People in the ashram described how cases shot up when Giri returned.
“More than a dozen people who came in contact with him developed COVID-19 symptoms, and some had to be hospitalized, but most of them never got tested,” one person said.
Yet even after Giri’s death, the prevalent belief in the ashram was that COVID-19 was not real. Ashram head Swami Harigiri said it was a conspiracy against Hindus to call Kumbh Mela a superspreader event.
“We drink cow urine,” he said. “[COVID-19] will not affect us.”
Giri’s death being attributed to the virus, he said, was “fake news.”
BIHAR: THE PIOUS WOMEN
Before Kumbh Mela, the small village of Brindaban in the eastern Indian state of Bihar had been relatively unscathed by the pandemic. On April 6, a group of five women left for the festival on an 11-day trip. Days after their return, two were dead.
Although the local health department claims that the victims had tested negative for COVID-19 after death, their family members tell a different story.
“She fell sick the day she returned home, and the very next day she died,” said Awadh Kishore Tiwari, a nephew of Bindu Devi, one of the women who died.

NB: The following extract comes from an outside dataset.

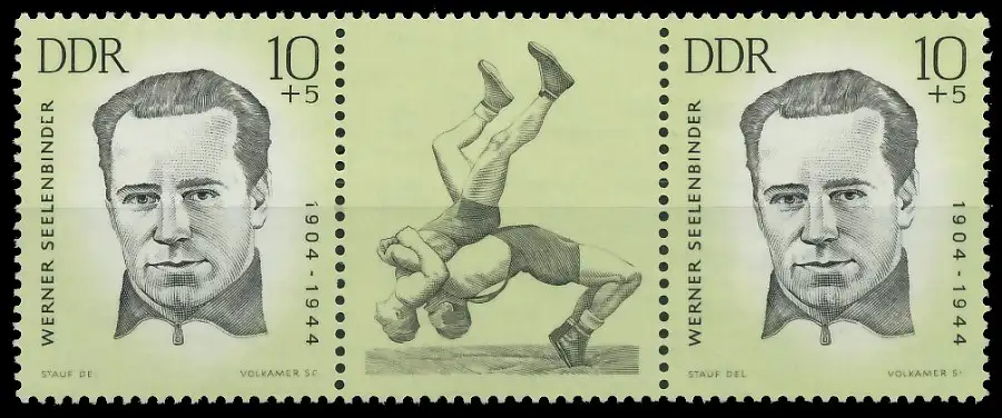 10+5/ZF/10+5 Pfg Wert aus der Ausgabe Erhaltung der nationalen Mahn- und Gedenkstätten - Werner Seelenbinder, mit anhängendem Zierfeld (MichelNr.: 81, 959)
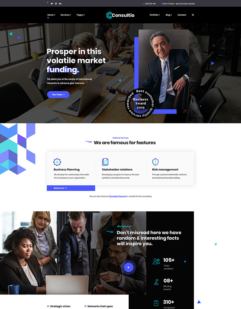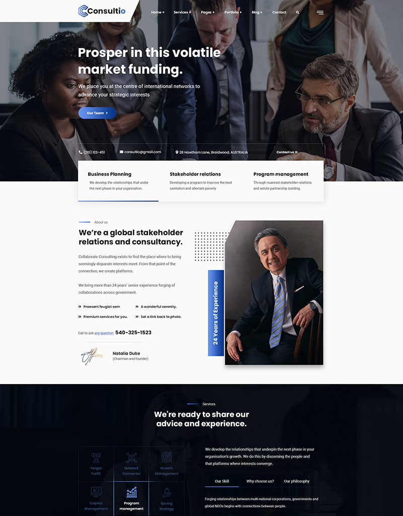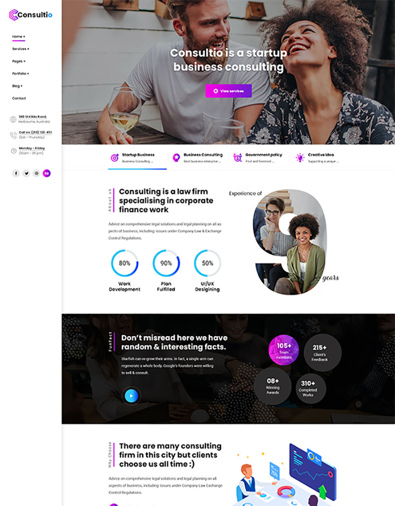 Consultio is a Consulting, Finance & Business Theme. It is a clean and modern Business design. You can use it for any kind website like consultancy, Adviser, Business, Consultant, Corporate, Finance, Financiall.

Devi, who was 70, had a cough and a fever, Tiwari said. He added that his own mother, who was otherwise housebound, tested positive for the virus after meeting Devi.

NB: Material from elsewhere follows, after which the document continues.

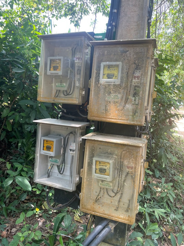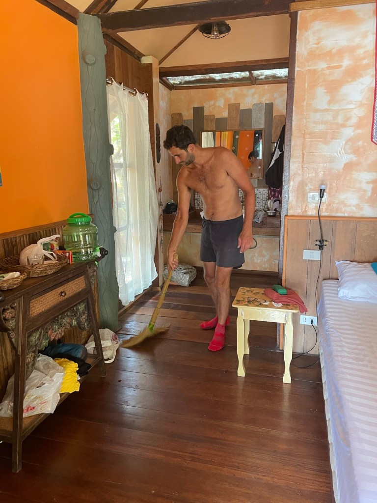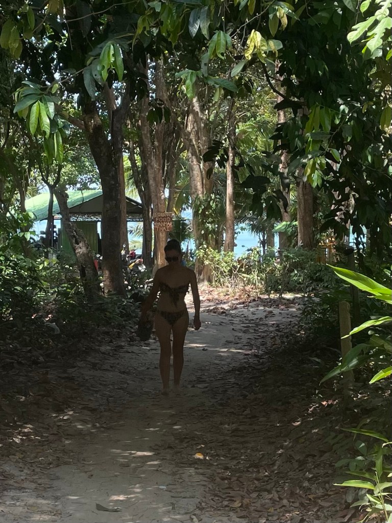 We passed some Thai people building another cabin. We assumed to be rented out but we couldn’t be sure. The track off dustier and rutted from here, and went over a little hill through the jungle. Down the other side was Ao Kwang Peeb. It was supposed to be a quieter place but there were plenty of people that we could see. There was also an abandoned resort. Old bungalows abandoned. A deserted bar and restaurant. Maybe another victim of Covid? We explored and found one bungalow that someone was living in.
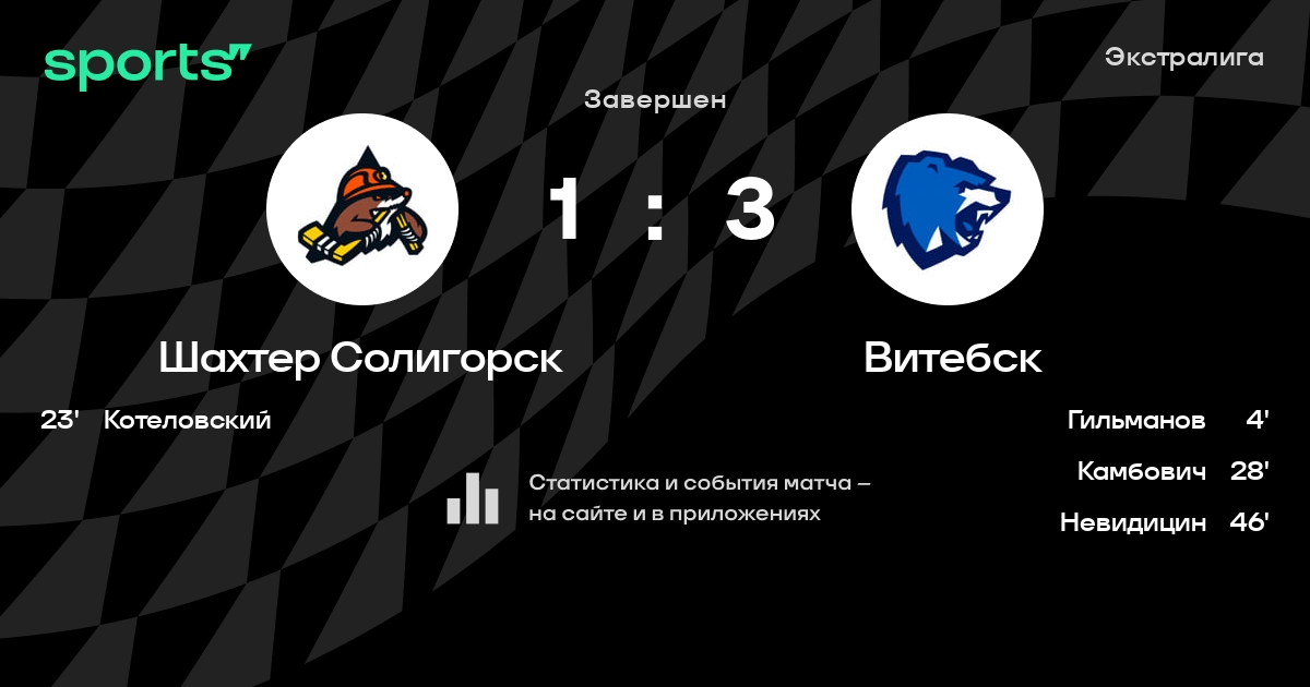 В прошедшем матче в рамках турнира Экстралига состоялась встреча команд Шахтер Солигорск - Витебск в городе Солигорск (Беларусь) на стадионе Ледовый дворец спорта Солигорск (вместимость - 1800)

Her death triggered a wave of panic. Forty villagers were tested, and the village was sanitized and declared a containment zone.
Local chief medical officer Avinash Kumar said that only one of the pilgrims had tested positive for COVID-19, but conceded that his officials used only rapid antigen tests, which have a high rate of false negatives.
Bindu Devi’s death was followed closely by that of fellow pilgrim Dulari Devi. Relatives said that the 58-year-old developed breathing problems the moment she returned from Kumbh Mela.
Her brother-in-law, Awadhesh Chauhan, said he had advised her not to attend Kumbh Mela because of COVID-19, but the pious woman had laughed it off.
“She told me that nothing will happen to her, you need not worry,” he said.
When a 67-year-old woman from Nandini Layout, a suburb of Bengaluru, tested positive for COVID-19 within a few days after returning from the Kumbh Mela, her family grew frantic.
Living with her in the house was her daughter-in-law, a psychiatrist who worked in a hospital where she saw dozens of patients. Tests soon confirmed she too had COVID-19. Testing teams rushed to the hospital.
“We found 12 patients and three staffers COVID-19 positive,” a physician who headed the team said.
Eighteen other close contacts of the woman were eventually diagnosed with the virus, but officials said its true spread was likely to be even greater.
Everyone traced to the woman has recovered, but the family members said they feel unjustly stigmatized.
“We cannot be blamed for this,” said the psychiatrist, who does not want to be identified. “It is the government that holds responsibility for allowing such a religious gathering.”